DATA SECTION -

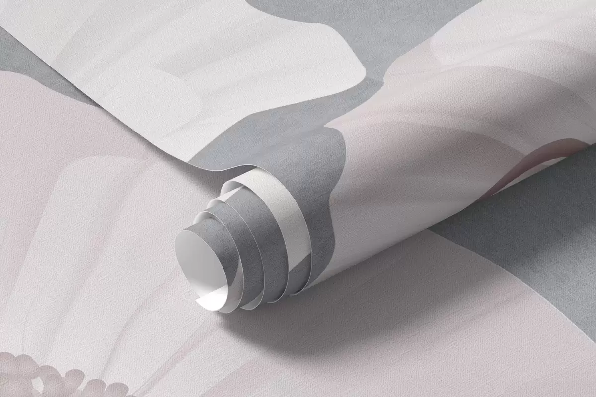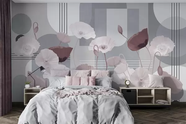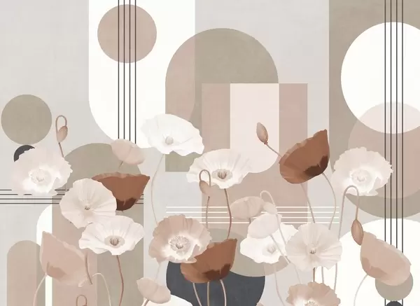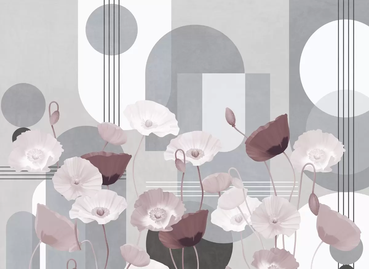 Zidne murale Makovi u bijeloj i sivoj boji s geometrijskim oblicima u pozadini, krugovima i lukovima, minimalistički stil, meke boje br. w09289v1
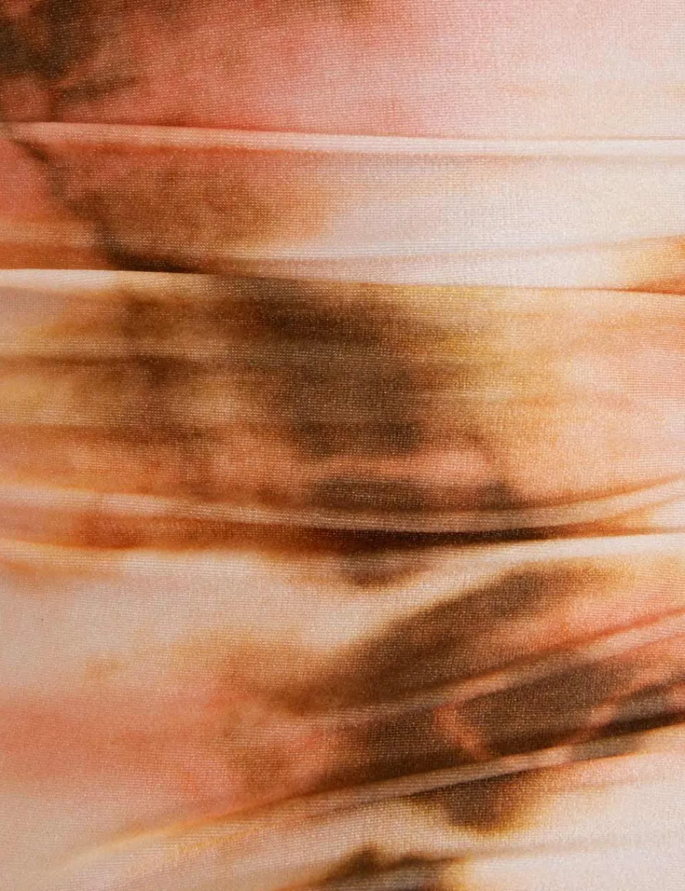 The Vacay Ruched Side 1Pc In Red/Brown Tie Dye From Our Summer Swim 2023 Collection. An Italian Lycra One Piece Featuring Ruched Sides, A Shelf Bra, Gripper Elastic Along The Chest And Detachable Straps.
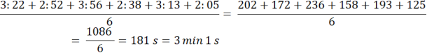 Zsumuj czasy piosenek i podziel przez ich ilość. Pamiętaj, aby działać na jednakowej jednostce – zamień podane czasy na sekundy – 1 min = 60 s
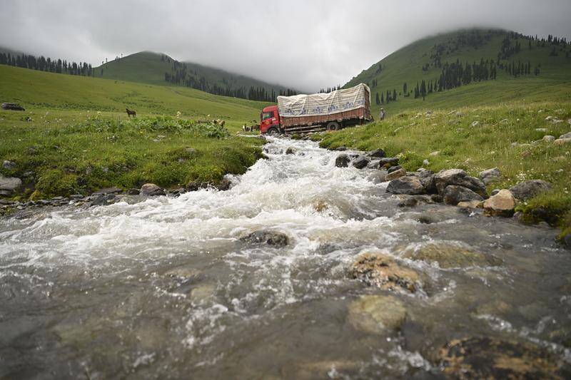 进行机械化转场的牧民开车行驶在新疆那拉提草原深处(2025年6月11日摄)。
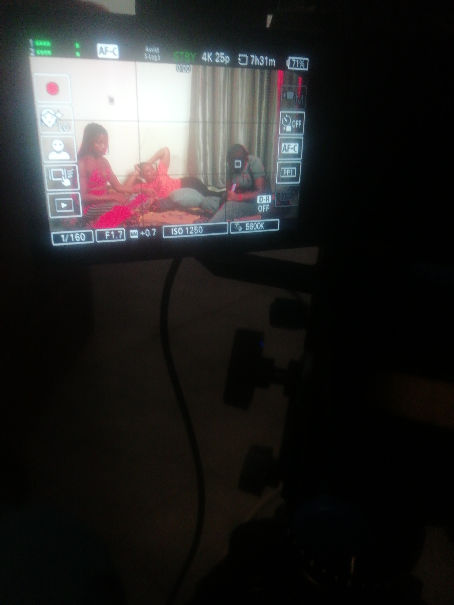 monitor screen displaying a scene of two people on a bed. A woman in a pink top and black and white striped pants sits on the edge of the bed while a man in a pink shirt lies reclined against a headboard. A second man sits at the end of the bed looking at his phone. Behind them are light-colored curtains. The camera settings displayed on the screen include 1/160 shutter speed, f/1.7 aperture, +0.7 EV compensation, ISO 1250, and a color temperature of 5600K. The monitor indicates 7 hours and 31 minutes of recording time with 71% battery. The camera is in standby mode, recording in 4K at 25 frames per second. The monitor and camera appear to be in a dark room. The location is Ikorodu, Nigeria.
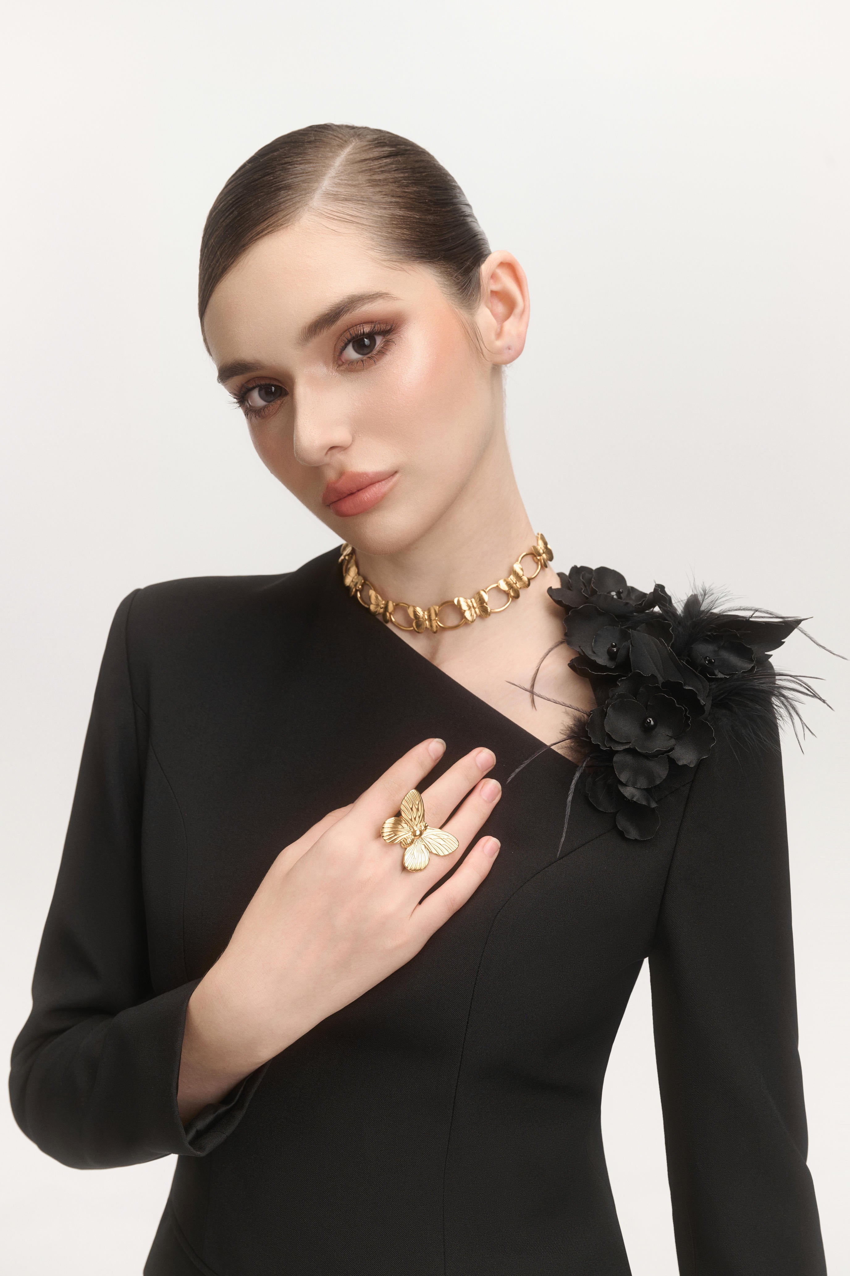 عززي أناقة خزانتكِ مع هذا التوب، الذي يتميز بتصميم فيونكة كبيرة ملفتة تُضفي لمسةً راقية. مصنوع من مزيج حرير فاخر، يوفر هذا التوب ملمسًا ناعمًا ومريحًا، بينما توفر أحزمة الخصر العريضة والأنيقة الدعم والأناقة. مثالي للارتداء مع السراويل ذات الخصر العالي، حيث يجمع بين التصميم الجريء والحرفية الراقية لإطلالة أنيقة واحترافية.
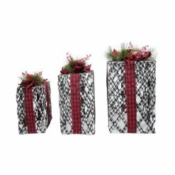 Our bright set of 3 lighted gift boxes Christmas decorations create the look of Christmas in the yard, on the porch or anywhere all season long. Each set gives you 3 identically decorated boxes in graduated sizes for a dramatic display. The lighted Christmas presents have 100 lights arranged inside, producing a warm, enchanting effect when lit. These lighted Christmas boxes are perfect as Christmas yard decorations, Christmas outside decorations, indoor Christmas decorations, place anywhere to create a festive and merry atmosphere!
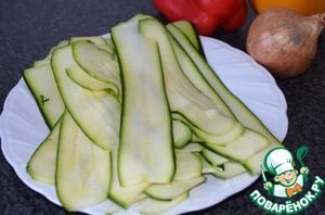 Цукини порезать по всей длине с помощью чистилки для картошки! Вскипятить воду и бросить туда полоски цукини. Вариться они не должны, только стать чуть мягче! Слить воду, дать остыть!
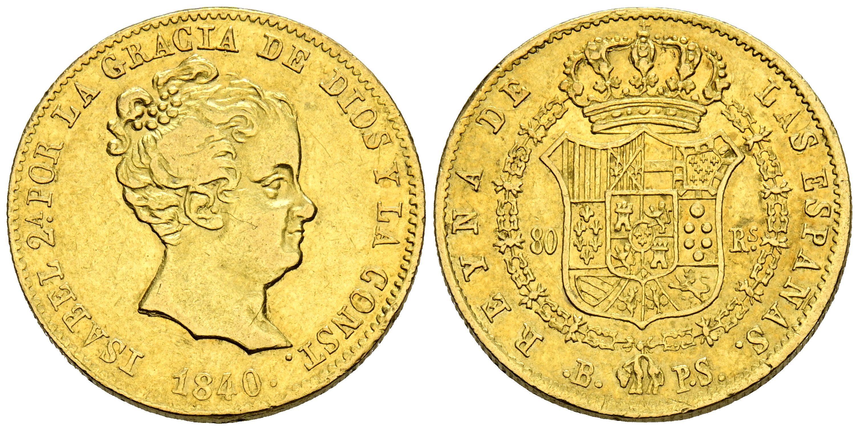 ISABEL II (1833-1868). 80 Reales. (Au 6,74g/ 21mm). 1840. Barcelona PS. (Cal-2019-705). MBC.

TASK DESCRIPTION - Quote the material in full and exactly; do not carry over its pictures.

ANSWER TO THIS TASK -
 Zidne murale Makovi u bijeloj i sivoj boji s geometrijskim oblicima u pozadini, krugovima i lukovima, minimalistički stil, meke boje br. w09289v1
 The Vacay Ruched Side 1Pc In Red/Brown Tie Dye From Our Summer Swim 2023 Collection. An Italian Lycra One Piece Featuring Ruched Sides, A Shelf Bra, Gripper Elastic Along The Chest And Detachable Straps.
 Zsumuj czasy piosenek i podziel przez ich ilość. Pamiętaj, aby działać na jednakowej jednostce – zamień podane czasy na sekundy – 1 min = 60 s
 进行机械化转场的牧民开车行驶在新疆那拉提草原深处(2025年6月11日摄)。
 monitor screen displaying a scene of two people on a bed. A woman in a pink top and black and white striped pants sits on the edge of the bed while a man in a pink shirt lies reclined against a headboard. A second man sits at the end of the bed looking at his phone. Behind them are light-colored curtains. The camera settings displayed on the screen include 1/160 shutter speed, f/1.7 aperture, +0.7 EV compensation, ISO 1250, and a color temperature of 5600K. The monitor indicates 7 hours and 31 minutes of recording time with 71% battery. The camera is in standby mode, recording in 4K at 25 frames per second. The monitor and camera appear to be in a dark room. The location is Ikorodu, Nigeria.
 عززي أناقة خزانتكِ مع هذا التوب، الذي يتميز بتصميم فيونكة كبيرة ملفتة تُضفي لمسةً راقية. مصنوع من مزيج حرير فاخر، يوفر هذا التوب ملمسًا ناعمًا ومريحًا، بينما توفر أحزمة الخصر العريضة والأنيقة الدعم والأناقة. مثالي للارتداء مع السراويل ذات الخصر العالي، حيث يجمع بين التصميم الجريء والحرفية الراقية لإطلالة أنيقة واحترافية.
 Our bright set of 3 lighted gift boxes Christmas decorations create the look of Christmas in the yard, on the porch or anywhere all season long. Each set gives you 3 identically decorated boxes in graduated sizes for a dramatic display. The lighted Christmas presents have 100 lights arranged inside, producing a warm, enchanting effect when lit. These lighted Christmas boxes are perfect as Christmas yard decorations, Christmas outside decorations, indoor Christmas decorations, place anywhere to create a festive and merry atmosphere!
 Цукини порезать по всей длине с помощью чистилки для картошки! Вскипятить воду и бросить туда полоски цукини. Вариться они не должны, только стать чуть мягче! Слить воду, дать остыть!
 ISABEL II (1833-1868). 80 Reales. (Au 6,74g/ 21mm). 1840. Barcelona PS. (Cal-2019-705). MBC.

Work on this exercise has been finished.